Я договорился с двумя друзьями о загородной прогулке в воскресенье, но совершенно неожиданно проспал время встречи. Мои друзья, знавшие мою всегдашнюю пунктуальность, очень удивились, подошли к дому, где я жил, немного постояли около него, затем поднялись по лестнице и постучали в дверь. Я очень испугался, вскочил с постели и, ни на что не обращая внимания, постарался как можно скорее собраться. Когда я затем, полностью одетый как полагается, вышел из дверей, мои друзья с явным испугом отпрянули от меня. «Что у тебя на затылке?» – воскликнули они. Еще только проснувшись, я почувствовал, что мне что-то мешает отклонять голову назад, и теперь попытался рукой нащупать помеху. В ту минуту, когда я ухватился за рукоятку меча позади моей головы, друзья, уже пришедшие немного в себя, закричали: «Осторожнее, не поранься!» Друзья приблизились ко мне, осмотрели меня, повели в комнату и перед зеркалом шкафа раздели до пояса. В мою спину был воткнут по самую рукоятку большой старый рыцарский меч с крестообразным эфесом, но воткнут так, что клинок прошел невероятно точно между кожей и плотью, ничего не повредив. Не было раны и на шее, на месте удара мечом; друзья уверяли, что оставленная клинком щелка совершенно не кровоточила и была сухой. Да и теперь, когда друзья, взобравшись на кресло, медленно, миллиметр за миллиметром, стали вытаскивать меч, кровь не выступила, а дыра на шее закрылась до едва заметной щелки. «Вот тебе твой меч», – со смехом сказали друзья и протянули мне его. Я взвесил его в руках, это было дорогое оружие, оно вполне могло принадлежать крестоносцам. Кто потерпит, чтобы в его снах шатались старые рыцари, безответственно размахивали своими мечами, втыкали их в невинных спящих и лишь потому не наносили тяжелых ран, что их оружие вначале, наверное, соскальзывает с живого тела, и потому, что верные друзья стоят за дверью и стучат, готовые прийти на помощь.
20 января
Конец писанию. Когда я снова примусь за него? В каком плохом состоянии я встречусь с Ф.! С отказом от писания сразу же пришла неповоротливость мыслей, неспособность подготовиться к встрече, в то время как на прошлой неделе я с трудом мог отделаться от важных мыслей в связи с ней. Хорошо бы извлечь из этого единственно возможную выгоду – сносный сон.

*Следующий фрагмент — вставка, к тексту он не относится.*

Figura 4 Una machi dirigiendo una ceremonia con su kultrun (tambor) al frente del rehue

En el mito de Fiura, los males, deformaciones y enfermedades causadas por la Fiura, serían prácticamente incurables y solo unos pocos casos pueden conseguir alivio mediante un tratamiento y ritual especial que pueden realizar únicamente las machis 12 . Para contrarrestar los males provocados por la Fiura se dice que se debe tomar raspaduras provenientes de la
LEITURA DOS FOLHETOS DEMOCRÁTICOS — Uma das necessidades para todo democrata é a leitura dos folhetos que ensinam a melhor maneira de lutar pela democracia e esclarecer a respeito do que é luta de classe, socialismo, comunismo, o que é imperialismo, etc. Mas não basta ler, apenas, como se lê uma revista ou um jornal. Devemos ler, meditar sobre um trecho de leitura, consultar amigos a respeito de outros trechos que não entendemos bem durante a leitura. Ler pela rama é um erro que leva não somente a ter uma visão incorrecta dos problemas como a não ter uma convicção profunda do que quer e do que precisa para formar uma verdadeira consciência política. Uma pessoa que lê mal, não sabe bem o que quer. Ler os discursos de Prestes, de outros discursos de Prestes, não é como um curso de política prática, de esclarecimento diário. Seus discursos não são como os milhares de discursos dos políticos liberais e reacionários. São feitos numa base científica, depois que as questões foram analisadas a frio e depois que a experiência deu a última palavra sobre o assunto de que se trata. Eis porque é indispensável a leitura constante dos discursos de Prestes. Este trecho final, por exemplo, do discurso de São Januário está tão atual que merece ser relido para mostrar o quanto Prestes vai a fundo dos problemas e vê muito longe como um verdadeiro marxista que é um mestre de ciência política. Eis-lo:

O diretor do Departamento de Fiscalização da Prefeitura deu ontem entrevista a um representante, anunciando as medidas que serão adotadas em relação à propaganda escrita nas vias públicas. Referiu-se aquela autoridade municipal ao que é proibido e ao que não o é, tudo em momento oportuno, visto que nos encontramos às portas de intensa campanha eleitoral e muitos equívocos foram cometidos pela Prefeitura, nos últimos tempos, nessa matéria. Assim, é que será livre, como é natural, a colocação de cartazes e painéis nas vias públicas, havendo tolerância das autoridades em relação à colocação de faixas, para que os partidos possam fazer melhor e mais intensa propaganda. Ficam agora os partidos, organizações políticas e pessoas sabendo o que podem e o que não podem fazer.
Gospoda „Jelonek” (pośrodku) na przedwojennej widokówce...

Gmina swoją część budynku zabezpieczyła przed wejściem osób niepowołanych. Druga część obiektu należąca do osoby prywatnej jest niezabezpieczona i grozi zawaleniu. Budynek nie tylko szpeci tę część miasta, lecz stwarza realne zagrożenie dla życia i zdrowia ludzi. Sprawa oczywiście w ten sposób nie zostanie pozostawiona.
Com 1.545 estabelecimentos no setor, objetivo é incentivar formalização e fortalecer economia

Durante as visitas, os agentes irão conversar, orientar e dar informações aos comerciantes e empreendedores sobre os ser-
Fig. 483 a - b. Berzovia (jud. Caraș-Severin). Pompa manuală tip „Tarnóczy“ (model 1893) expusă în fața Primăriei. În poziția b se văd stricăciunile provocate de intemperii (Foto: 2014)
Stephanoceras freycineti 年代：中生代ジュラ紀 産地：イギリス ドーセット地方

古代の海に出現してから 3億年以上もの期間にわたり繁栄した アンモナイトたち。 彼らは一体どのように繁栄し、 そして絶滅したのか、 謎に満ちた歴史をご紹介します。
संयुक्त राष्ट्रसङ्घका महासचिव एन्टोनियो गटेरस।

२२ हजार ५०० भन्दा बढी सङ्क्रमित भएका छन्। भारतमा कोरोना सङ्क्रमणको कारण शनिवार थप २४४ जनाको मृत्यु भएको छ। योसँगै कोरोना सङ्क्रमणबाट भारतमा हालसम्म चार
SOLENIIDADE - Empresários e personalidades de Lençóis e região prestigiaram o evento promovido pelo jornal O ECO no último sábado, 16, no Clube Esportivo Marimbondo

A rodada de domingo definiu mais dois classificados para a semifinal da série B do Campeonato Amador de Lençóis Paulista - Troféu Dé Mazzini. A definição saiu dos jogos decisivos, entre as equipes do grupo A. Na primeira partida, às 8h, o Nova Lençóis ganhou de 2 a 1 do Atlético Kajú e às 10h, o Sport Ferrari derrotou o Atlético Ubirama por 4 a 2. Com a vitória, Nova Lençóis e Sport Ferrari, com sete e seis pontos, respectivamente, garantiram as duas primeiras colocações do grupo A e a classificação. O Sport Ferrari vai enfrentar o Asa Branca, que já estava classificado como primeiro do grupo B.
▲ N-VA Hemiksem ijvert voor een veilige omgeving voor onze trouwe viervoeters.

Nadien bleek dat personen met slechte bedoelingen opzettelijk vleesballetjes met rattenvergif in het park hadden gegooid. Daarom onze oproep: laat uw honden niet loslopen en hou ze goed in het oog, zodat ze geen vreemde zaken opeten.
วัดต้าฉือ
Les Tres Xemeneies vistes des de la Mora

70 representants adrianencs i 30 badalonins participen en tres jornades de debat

«Черные знамена». Как плохо я читаю. И как зло и болезненно я наблюдаю за собой. Проникнуть в мир я, видимо, не могу, но могу спокойно лежать, воспринимать, воспринятое растворять в себе и затем спокойно показываться на людях.
24 января
С Ф. в Боденбахе. Мне кажется, невозможно, чтобы мы когда-нибудь соединились, но я не отваживаюсь сказать об этом ни ей, ни – в решающий момент – себе. И я снова обнадежил ее, безрассудно – ведь с каждым днем я старею и коснею. Когда я пытаюсь понять, как она страдает, оставаясь в то же время спокойной и веселой, ко мне возвращаются старые головные боли. Мы не должны снова мучить себя длинными письмами, пусть эта встреча останется случайным эпизодом. Или, может быть, я верю, что смогу здесь стать свободным, жить литературным трудом, поехать за границу или еще куда-нибудь и там тайно жить вместе с Ф.? Мы ведь нашли друг друга ни в чем не изменившимися. Каждый молча признался себе, что другой непоколебим и безжалостен. Я не отступаю от своих намерений вести фантастическую, полностью обусловленную моей работой жизнь, она же, глухая ко всем немым просьбам, хочет обыденности, уютной квартиры, интереса к фабрике, обильной еды, сна с одиннадцати часов вечера, натопленной комнаты, она подводит мои часы, вот уже четверть года уходящие вперед на полтора часа, чтобы они показывали время с точностью до одной минуты. И она права, и всегда будет права, она права, делая мне замечание, когда я говорю кельнеру: «Принесите газету, пока она не зачитана до дыр», и я не могу ничего изменить, когда она говорит об «отпечатке своеобразия» (это можно произнести только скрипучим голосом) в будущей обстановке квартиры. Моих двух старших сестер она считает «плоскими», о младшей она не спрашивает, к моей работе почти не проявляет интереса и явно не разбирается в ней. Это – одна сторона.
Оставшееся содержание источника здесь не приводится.